19 jaar geleden

Over geloof en gevoel, mystiek, meditatie, trance … (III)

Wat zegt de bijbel over geloof, gevoel, ervaring en mystiek, trance … We vervolgen de impressie “Over geloof en gevoel, mystiek, meditatie, trance …” met punt 8, dat een helder beeld geeft hoe het er vandaag in de evangelische wereld voorstaat en wat er zich voordoet op dit terrein. Wat zijn zweefliederen en tranceliederen en welke functie en welke invloed hebben zij? De laatste tijd dringt het mystieke denken en beleven steeds meer de evangelische beweging binnen, waar blijkbaar een grote openheid voor bestaat.

Inleiding

Inhoudsopgave

  1. Gericht op geloof en gehoorzaamheid, niet op gevoel en ervaring
  2. Ervaringen zijn het gevolg van geloof en gehoorzaamheid
  3. Een christen moet niet op zijn gevoel leven
  4. Een christen beleeft van alles
  5. Ik merk zo weinig van God
  6. De valse weg van de mystiek
  7. De voornaamste technieken die door mystici worden toegepast
  8. De Reformatie bracht een grote opruiming
  9. Hoogliedmystiek
  10. Aanrakingstheologie als achtergrond van vele praiseliederen uit de opwekkingsbundel
  11. De grote invasie van de mystiek in de evangelische beweging

Bijlage A. Kenmerken van de mystiek – een overzicht
Bijlage B. De Charismatische beweging
Bijlage C. Een getuigenis

8. De reformatie bracht een grote opruiming

Het fundamentele principe van de reformatie is het Sola Scripturabeginsel. Sola Scriptura betekent “alleen de bijbel”. Dat betekent dat alles wat geen basis in de bijbel heeft radicaal werd afgewezen. Men keerde terug tot de eenvoud van het Nieuwe Testament. De bijbel stond weer centraal. De kerken werden gereinigd van beelden, schilderingen. Alle “entertainment” werd er uitgegooid. Alles wat speciaal gericht was op de zinnen zoals beelden, toneelspel, gewaden, gecompliceerde zang, rituelen, werd afgeschaft. Men keerde terug tot de rationele uitleg van de bijbel, tot eenvoudige rationele gebeden naar bijbels voorbeeld, eenvoudige samenzang in de volkstaal, simpele uitvoering van doop en avondmaal.

Naast het feit dat al die andere “poespas” geen bijbelse basis heeft is er nog een tweede reden waarom christelijke samenkomsten moeten gekenmerkt worden door eenvoud.
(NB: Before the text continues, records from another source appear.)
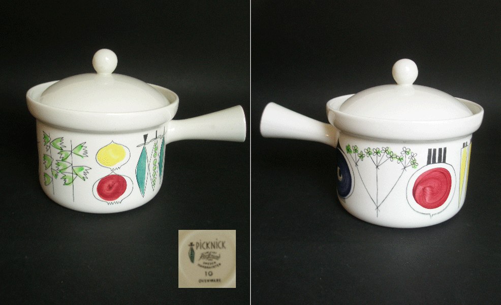 Here is an ovenware casserole or saucepan with lid by Rorstrand of Sweden. It is handpainted with the - PICKNICK - design by Marianne Westman around the outside. This design of stylised vegetables was first brought out in the 1950s. This casserole shape dates it to the 1960s. Marked to the base PICKNICK RORSTRAND SWEDEN HANDPAINTED 10 OVENWARE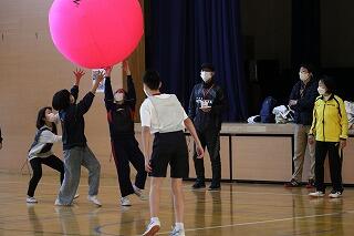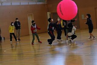 12/10に,青少協主催の「ふれあい広場」を開催しました。午前中は,体育館で“キンボール”というニュースポーツを行いました。小学生,中学生,大人がそれぞれチームをつくり,9チームでゲームを行いました。ほとんどの参加者が初めての体験でしたが,簡単なルールなのですぐに要領を得て,ゲームを楽しむことができました。午後は,おなじみの“逃走中”をグラウンドで行いました。大人と中学生がハンターとなり,逃げる小学生を追いかけました。世代を超えた交流で心地よい運動になりました。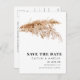 Simple and minimalist in style pampas grass save the date postcard featuring an image and black text. The back of the postcard is organized for the couples message.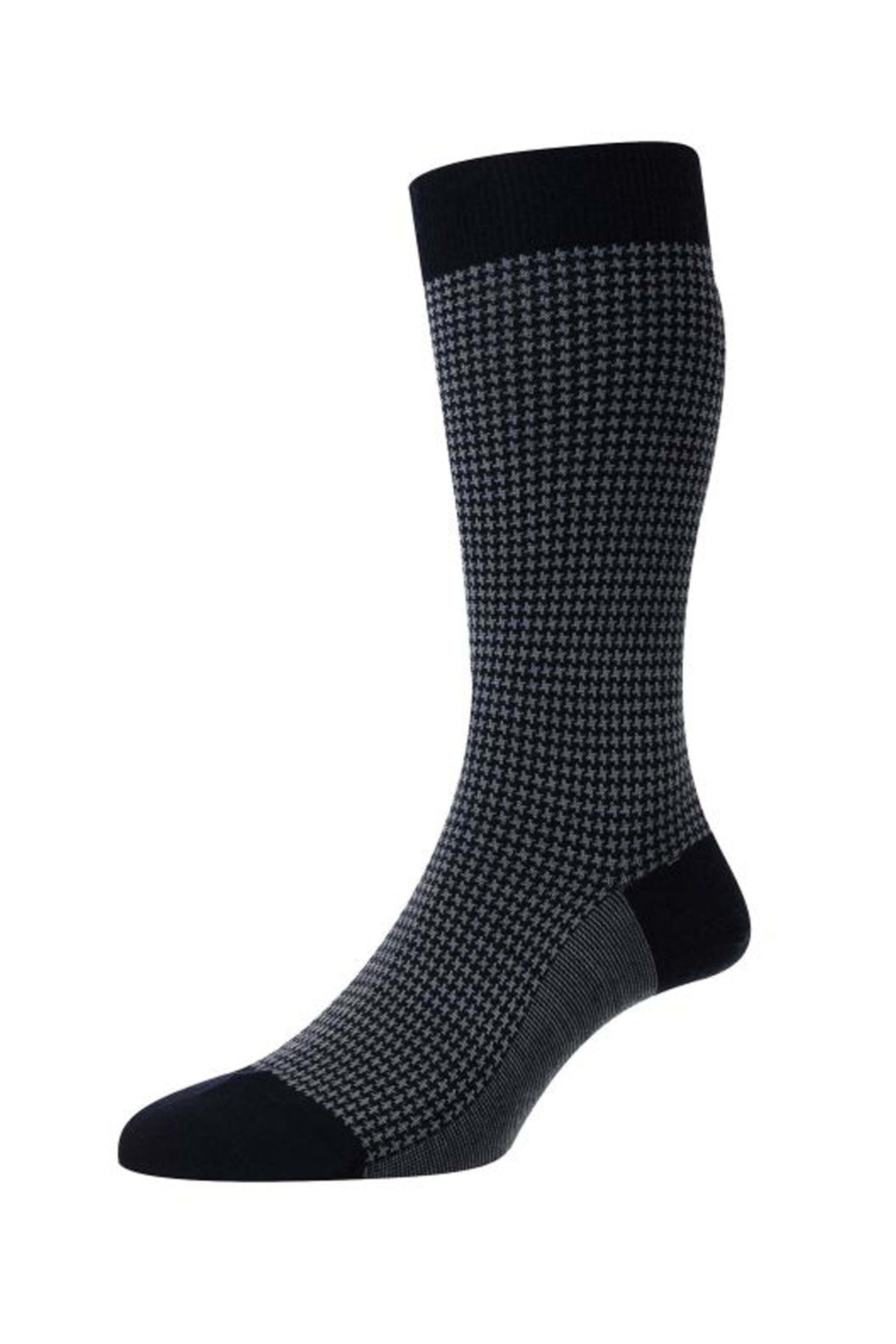 - Pantherella Navy Highbury Houndstooth Wool Midcalf Sock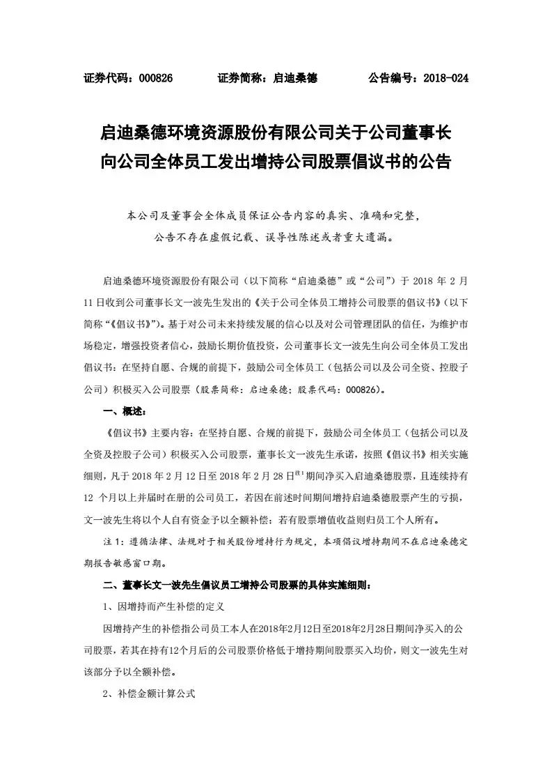 今2月11日,啟迪桑德發(fā)布一則重磅公告,基于對(duì)公司未來(lái)持續(xù)發(fā)展的信心以及對(duì)公司管理團(tuán)隊(duì)的信任,為維護(hù)市場(chǎng)穩(wěn)定,增強(qiáng)投資者信心,鼓勵(lì)長(zhǎng)期價(jià)值投資,文一波董事長(zhǎng)以個(gè)人名義向公司全體員工發(fā)出倡議書(shū)。

Paulus zegt in 1 Kor. 2:1-5 het volgende: “Ook ben ik, toen ik tot u kwam, broeders, niet met schittering van woorden of wijsheid u het getuigenis van God komen brengen. Want ik had niet besloten iets te weten onder u, dan Jezus Christus en die gekruisigd. Ook kwam ik in zwakheid, met veel vreze en beven tot u: mijn spreken en mijn prediking kwam ook niet met meeslepende woorden van wijsheid, maar met betoon van geest en kracht, opdat uw geloof niet zou rusten op wijsheid van mensen, maar op de kracht van God”. Let op het: niet met schittering van woorden. Als het getuigenis van God al niet met schittering van woorden gebracht mag worden zou het dan wel met schittering van rituelen, met schittering van liederen en muziek, etc., mogen worden gebracht? Als we individueel, en als gemeente, proberen mensen te trekken met schittering van liederen, toneelspel, en andere vormen van entertainment, dan zijn we verkeerd bezig. Elke zalving (dat is het spreken met betoon van geest en kracht) verdwijnt als we proberen om het getuigenis van God op schitterende wijze te brengen.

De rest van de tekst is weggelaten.